-- Opening Marker --

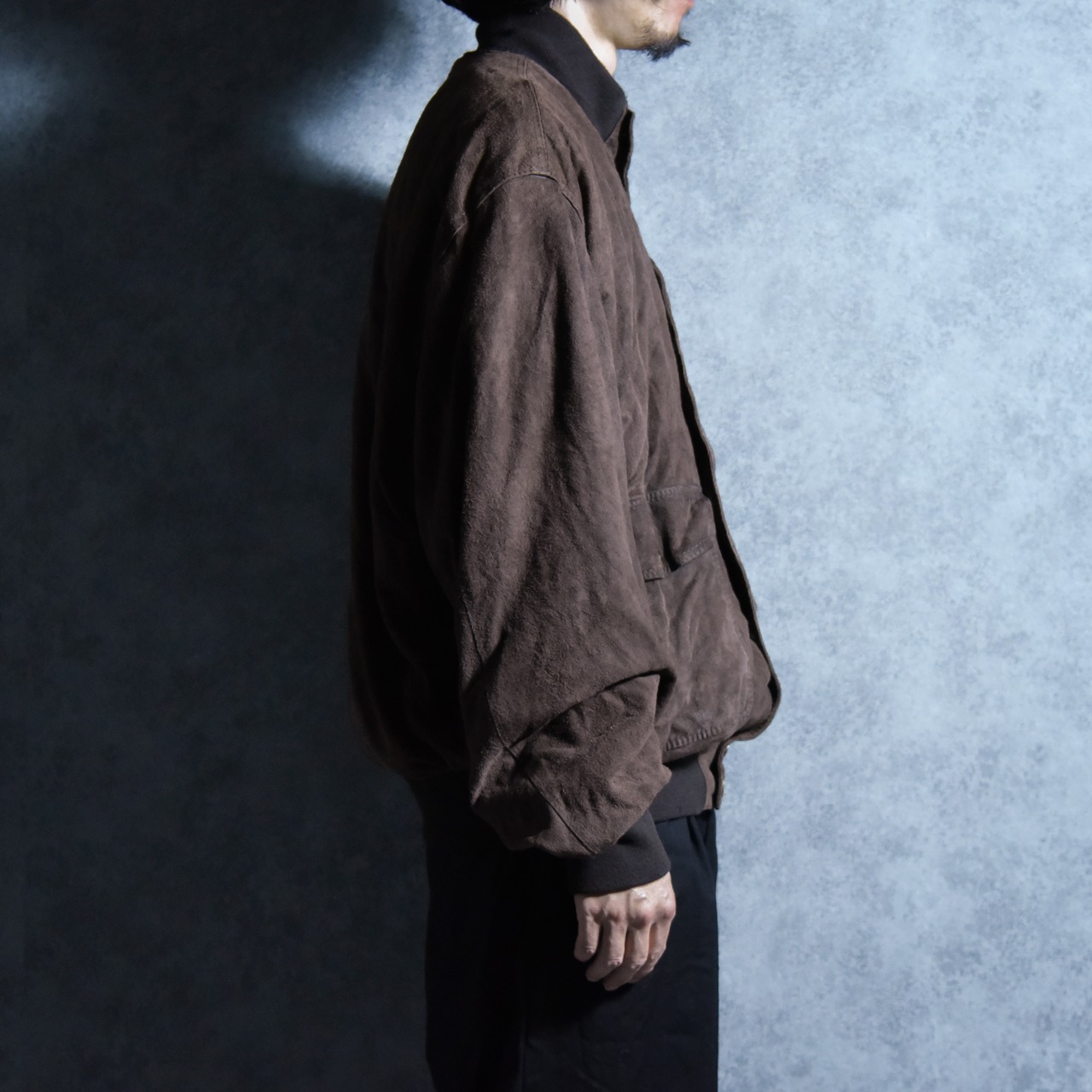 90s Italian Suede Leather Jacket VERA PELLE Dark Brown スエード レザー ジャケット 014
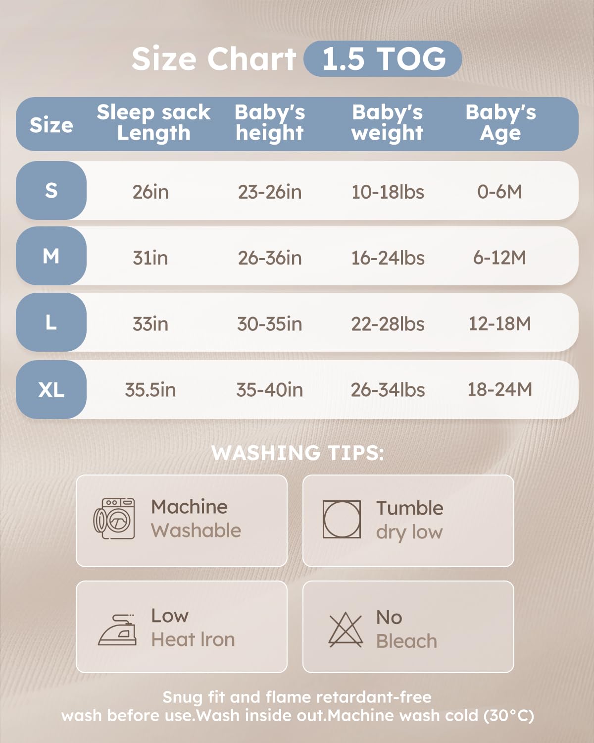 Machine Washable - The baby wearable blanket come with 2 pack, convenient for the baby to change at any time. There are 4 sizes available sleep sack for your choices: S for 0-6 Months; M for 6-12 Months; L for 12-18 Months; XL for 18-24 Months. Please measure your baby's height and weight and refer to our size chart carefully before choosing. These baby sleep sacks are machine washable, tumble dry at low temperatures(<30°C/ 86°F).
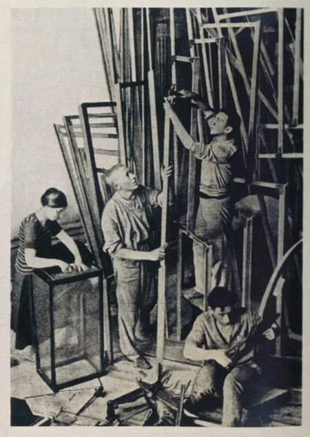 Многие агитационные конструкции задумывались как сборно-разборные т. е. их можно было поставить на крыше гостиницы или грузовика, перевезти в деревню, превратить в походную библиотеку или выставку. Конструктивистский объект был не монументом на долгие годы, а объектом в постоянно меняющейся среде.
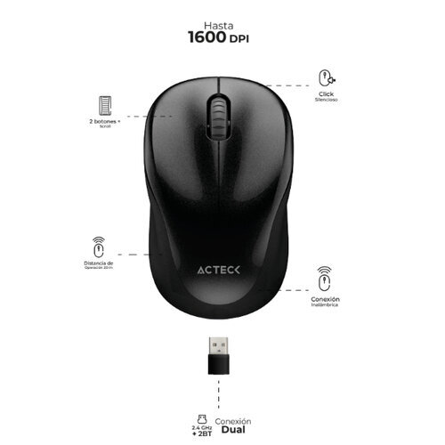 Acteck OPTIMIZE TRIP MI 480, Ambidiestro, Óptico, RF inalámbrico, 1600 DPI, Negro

-- Closing Marker --
-- Opening Marker --

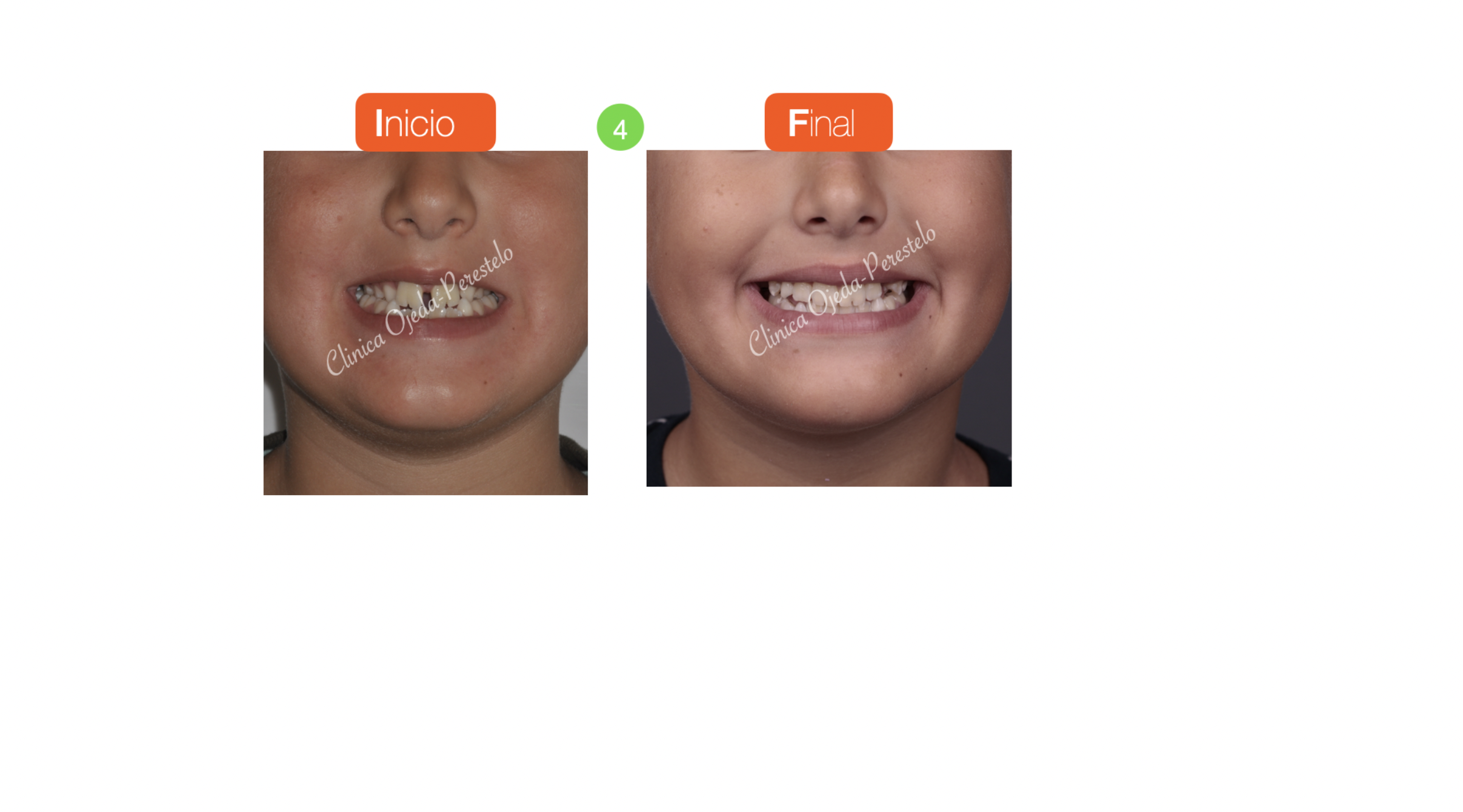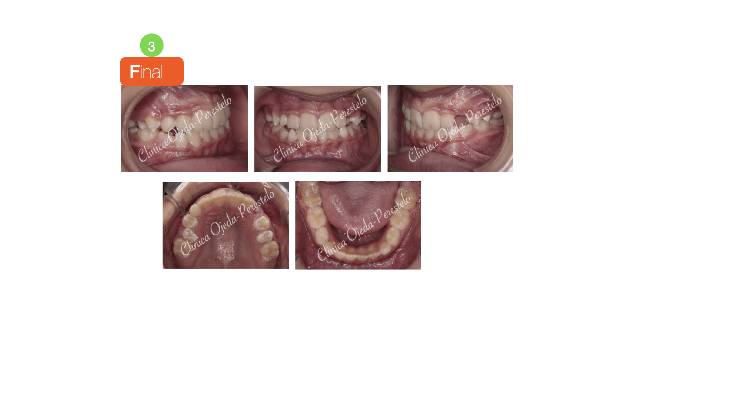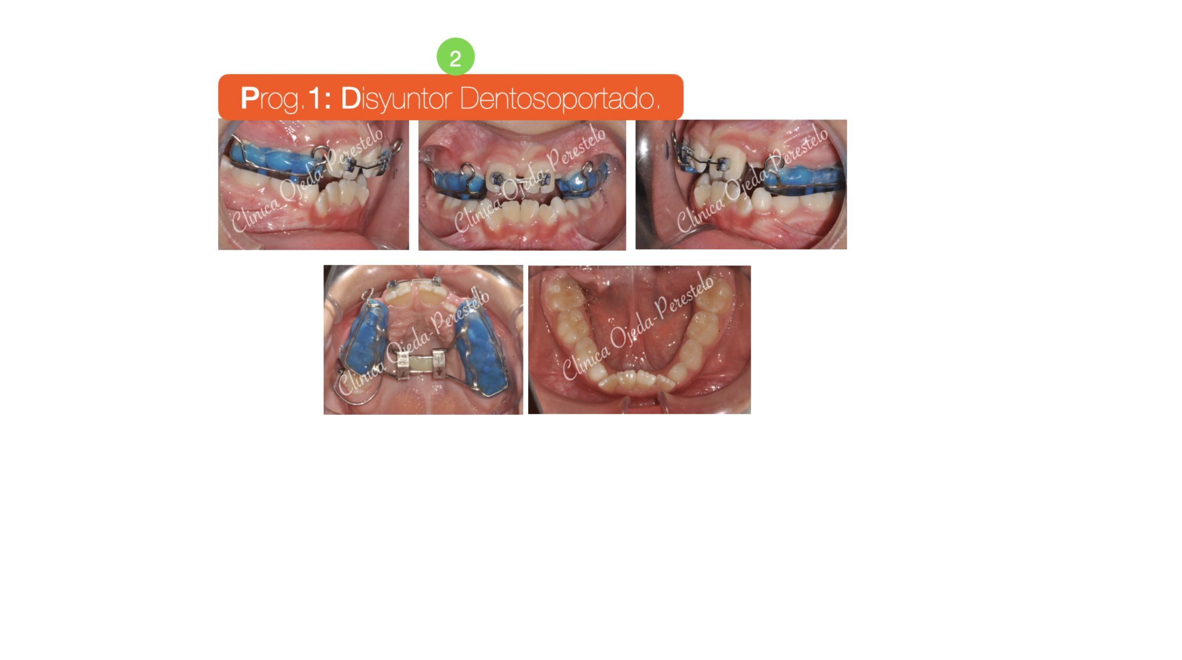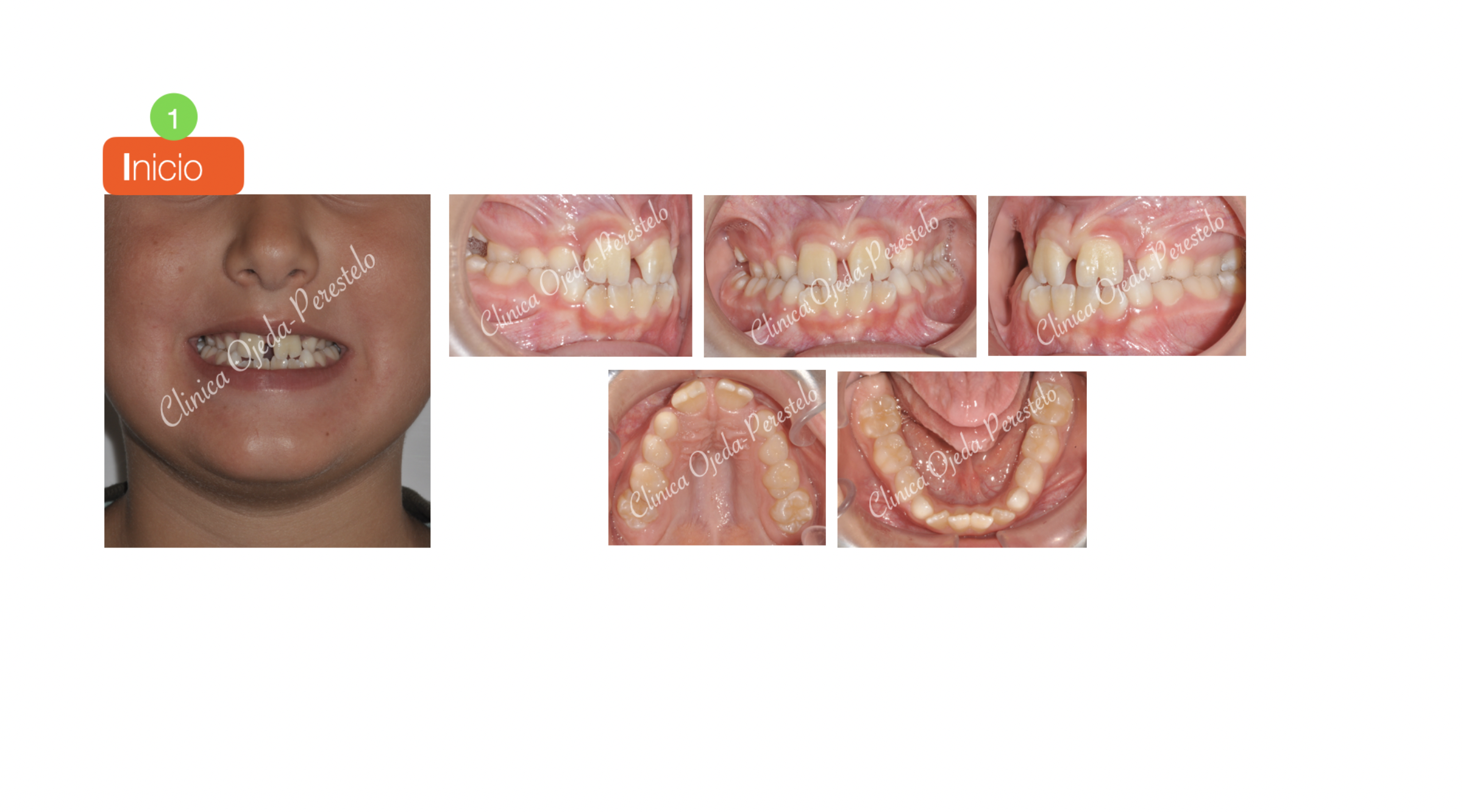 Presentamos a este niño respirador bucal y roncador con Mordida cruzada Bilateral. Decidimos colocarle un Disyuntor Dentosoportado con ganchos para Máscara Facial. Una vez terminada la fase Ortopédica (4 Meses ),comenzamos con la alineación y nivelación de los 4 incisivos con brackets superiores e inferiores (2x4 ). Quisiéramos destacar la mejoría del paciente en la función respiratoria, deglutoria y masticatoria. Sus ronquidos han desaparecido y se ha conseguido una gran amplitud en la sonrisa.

-- Closing Marker --
-- Opening Marker --

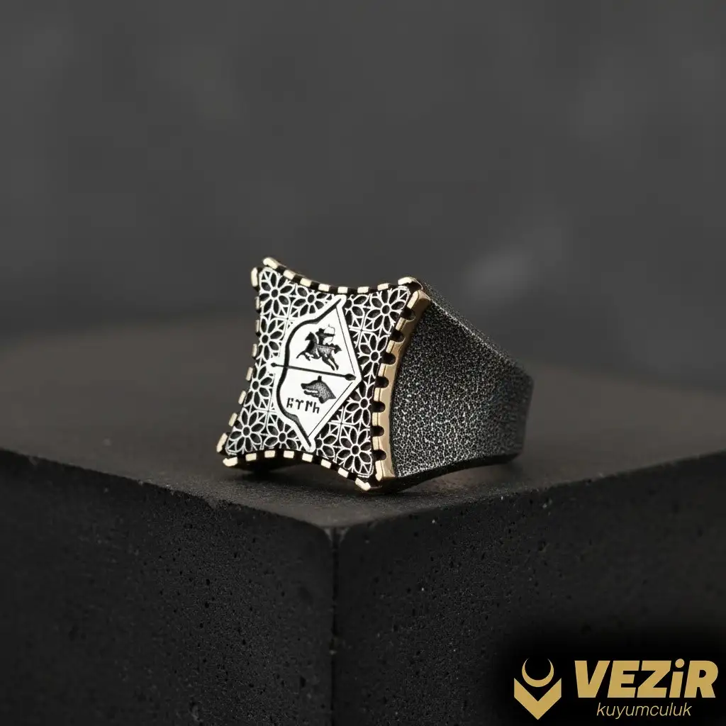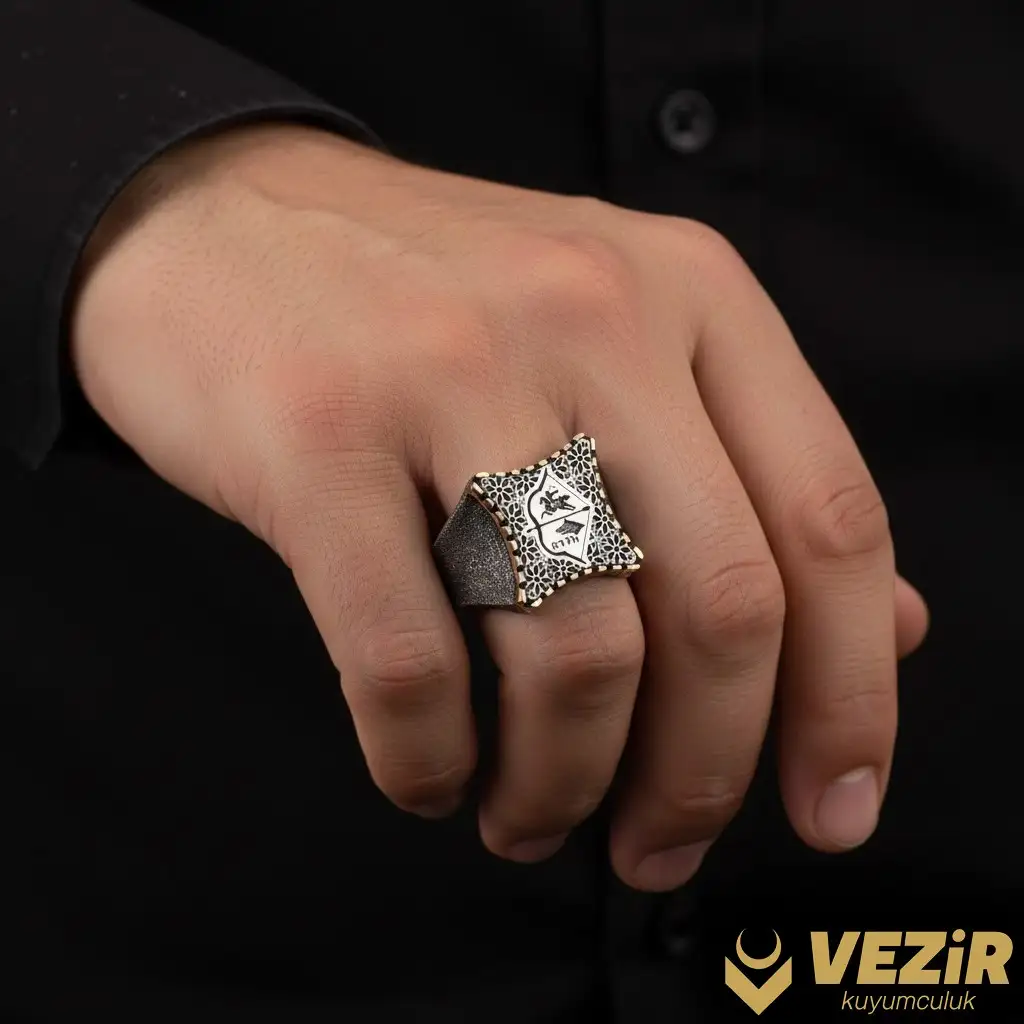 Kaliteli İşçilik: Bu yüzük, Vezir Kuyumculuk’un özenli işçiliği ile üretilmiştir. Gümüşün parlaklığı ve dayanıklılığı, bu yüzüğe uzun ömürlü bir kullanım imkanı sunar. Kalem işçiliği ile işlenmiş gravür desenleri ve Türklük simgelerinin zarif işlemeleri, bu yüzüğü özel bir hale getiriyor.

-- Closing Marker --

▸ Assigned task
Look above for the line containing "Многие агитационные конструкции", then write out every line from there down to the line containing "Acteck OPTIMIZE TRIP", that line included, with no pictures.

▸ Reply to the exercise
 Многие агитационные конструкции задумывались как сборно-разборные т. е. их можно было поставить на крыше гостиницы или грузовика, перевезти в деревню, превратить в походную библиотеку или выставку. Конструктивистский объект был не монументом на долгие годы, а объектом в постоянно меняющейся среде.
 Acteck OPTIMIZE TRIP MI 480, Ambidiestro, Óptico, RF inalámbrico, 1600 DPI, Negro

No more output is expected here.